● EXERCISE BRIEF
From the first line of the records below through the line with "Please be informed", output each line exactly; skip the pictures.

● Data entries
··········

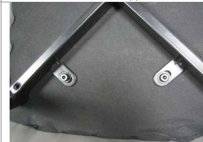
Item CH2152A (9)
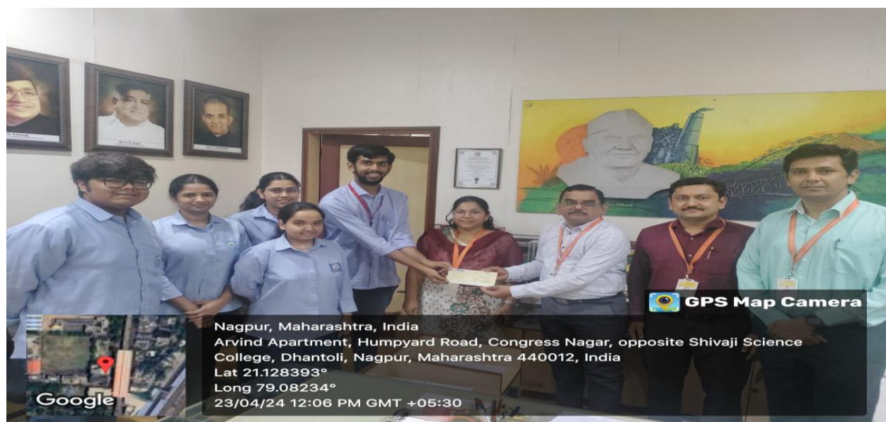
UG & PG Students from Physics Department received financial support for participation in UPTA
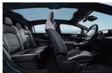
Silk Black (PU)
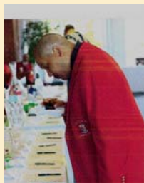
Guests look over the many items displayed at the Silent Auction.
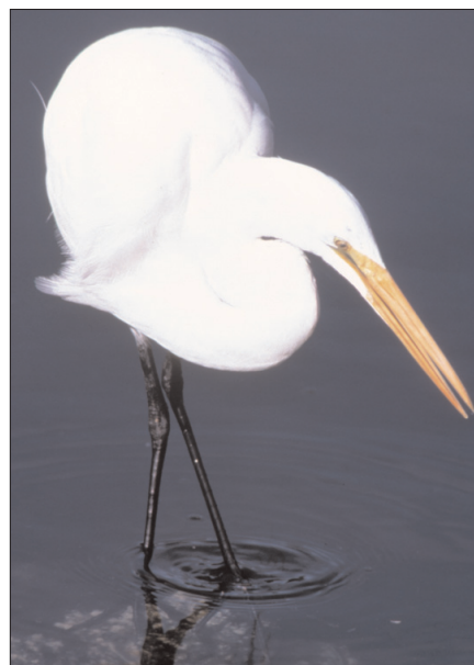
Figure 8. Great Egret.
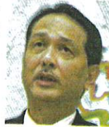
Dr Noor Hisham Abdullah

"Sejumlah 139 individu telah disaring di mana 45 kes dikesan positif COVID-19 termasuk kes indeks, 23 kes didapati negatif dan 71 kes masih menunggu keputusan makmal," kata kenyataan itu.
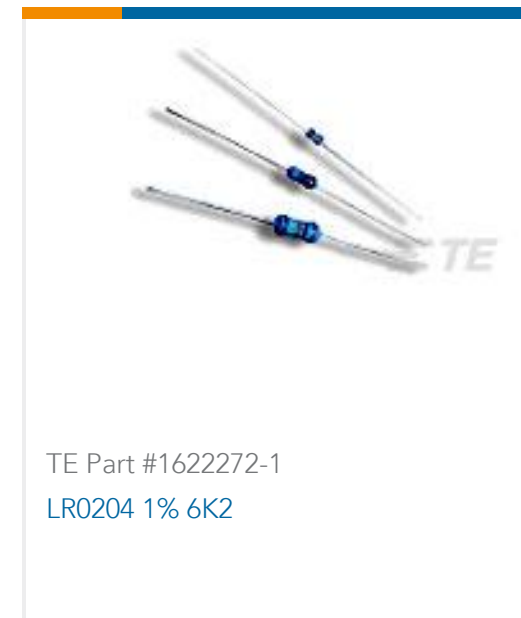
TE Part #1622272-1 LR0204 1% 6K2
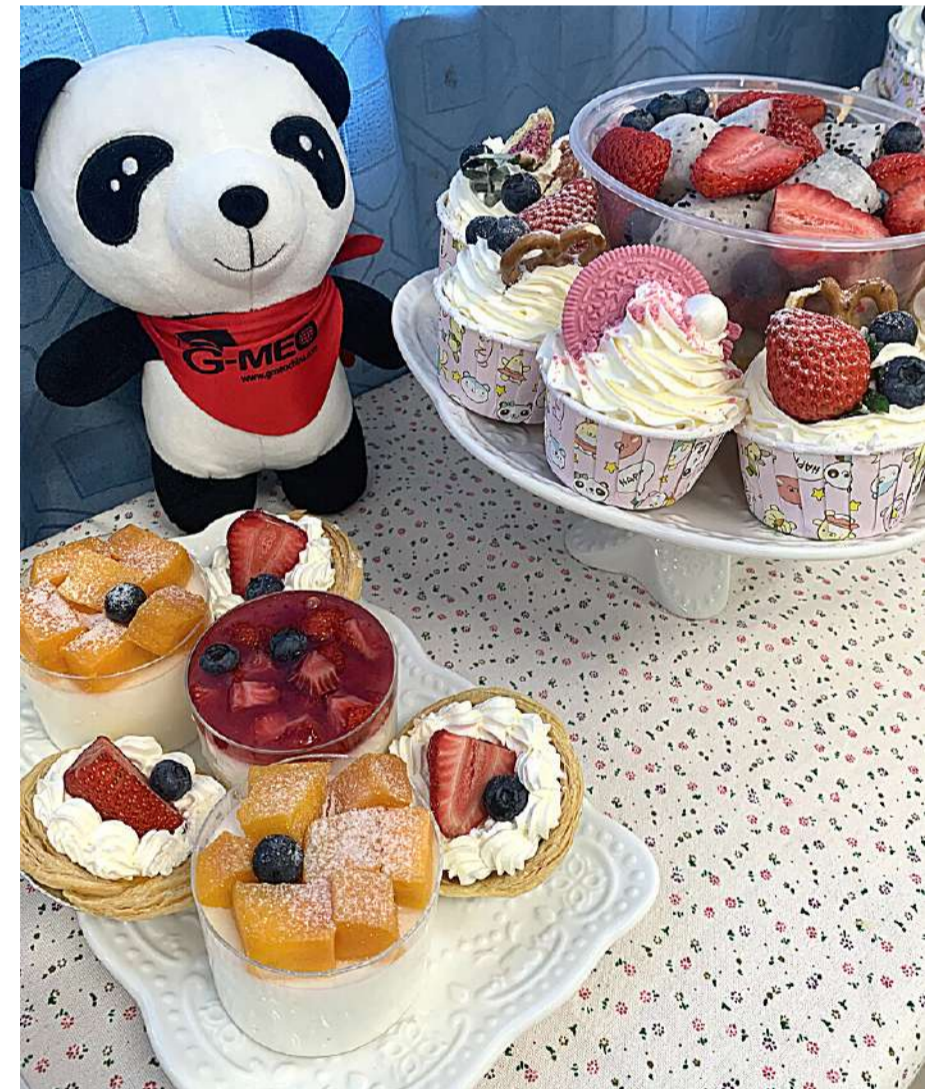
Small desserts prepared for the orientation
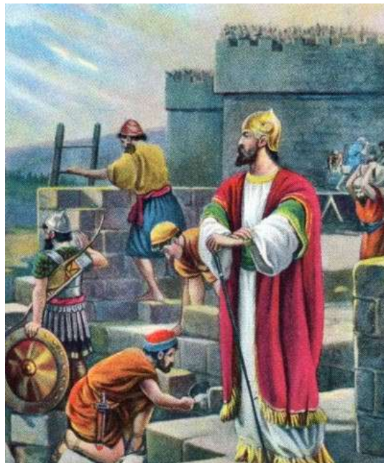
Nehemiah and the Israelites prayed, set to work and kept a guard against enemies.

[ He then organized their work, reminded them of God's power, and served as an excellent example of a hard worker. ]
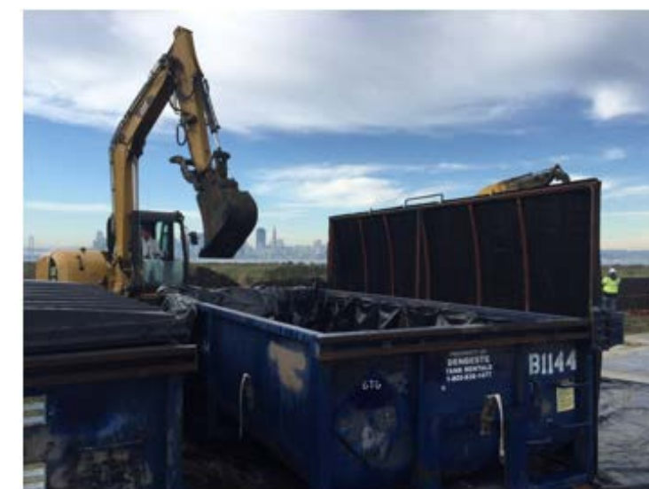
Loading soil into bins for Off-Site Disposal.
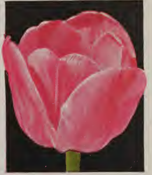
Ideal Darwin Tulip Adoration Page 7.
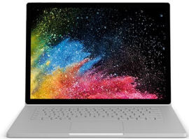
Microsoft Surface Book 2
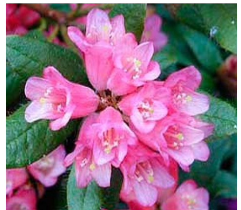
R. 'Razorbill'
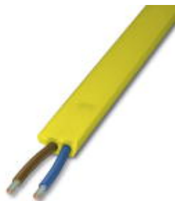
AS-Interface PVC flat conductor with UL in yellow, 2 x 1.5 mm 2 , 1000 m on an one-way drum

Please be informed that the data shown in this PDF Document is generated from our Online Catalog. Please find the complete data in the user's documentation. Our General Terms of Use for Downloads are valid ( http://phoenixcontact.com/download )
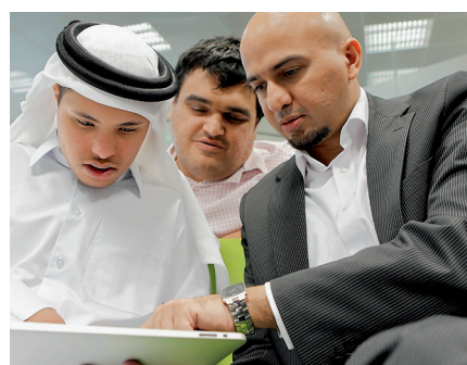
Mada is a one-stop-shop for all aspects of accessible technology for persons with disabilities: a young man explores using an iPad with two Mada team members.

The Mada model of services is already influencing regional services in Oman, Dubai, Kuwait and Shahjah, with interest and relations building in Saudi Arabia and Egypt. The availability of free technology for Arabic speakers supported by Mada has an impact throughout the Arabic-speaking world.
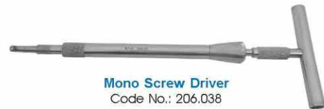
Mono Screw Driver Code No.: 206.038
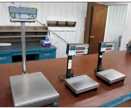
FLEX WEIGH DIGITAL WAREHOUSE PLATFORM SCALE
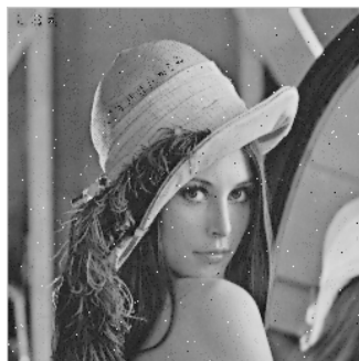
Fig. 5. Restored image after #2 iteration

The white pixels in Fig.5 is the result of mistakes in Reed-Solomon error detection codec. The rate of the mistakes is about 1%.
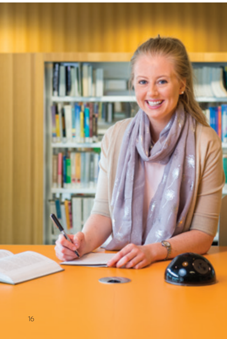
The Student Lounge at City West Campus, where students can study, relax or hang out with friends.

UniSA College programs are offered at City West Campus, but you may also find yourself studying at City East, Magill or Mawson Lakes depending on your course selections. Regional students will also have access to our Whyalla and Mount Gambier campuses, along with our Port Lincoln Study Centre. All of our campuses have modern, purpose-built facilities fitted with the latest tools and technologies to support your learning. You can also get involved with the full UniSA student experience through events, sport, social clubs, volunteering opportunities, overseas study and more.

··········

● WRITTEN RESPONSE
Item CH2152A (9)
UG & PG Students from Physics Department received financial support for participation in UPTA
Silk Black (PU)
Guests look over the many items displayed at the Silent Auction.
Figure 8. Great Egret.
Dr Noor Hisham Abdullah

"Sejumlah 139 individu telah disaring di mana 45 kes dikesan positif COVID-19 termasuk kes indeks, 23 kes didapati negatif dan 71 kes masih menunggu keputusan makmal," kata kenyataan itu.
TE Part #1622272-1 LR0204 1% 6K2
Small desserts prepared for the orientation
Nehemiah and the Israelites prayed, set to work and kept a guard against enemies.

[ He then organized their work, reminded them of God's power, and served as an excellent example of a hard worker. ]
Loading soil into bins for Off-Site Disposal.
Ideal Darwin Tulip Adoration Page 7.
Microsoft Surface Book 2
R. 'Razorbill'
AS-Interface PVC flat conductor with UL in yellow, 2 x 1.5 mm 2 , 1000 m on an one-way drum

Please be informed that the data shown in this PDF Document is generated from our Online Catalog. Please find the complete data in the user's documentation. Our General Terms of Use for Downloads are valid ( http://phoenixcontact.com/download )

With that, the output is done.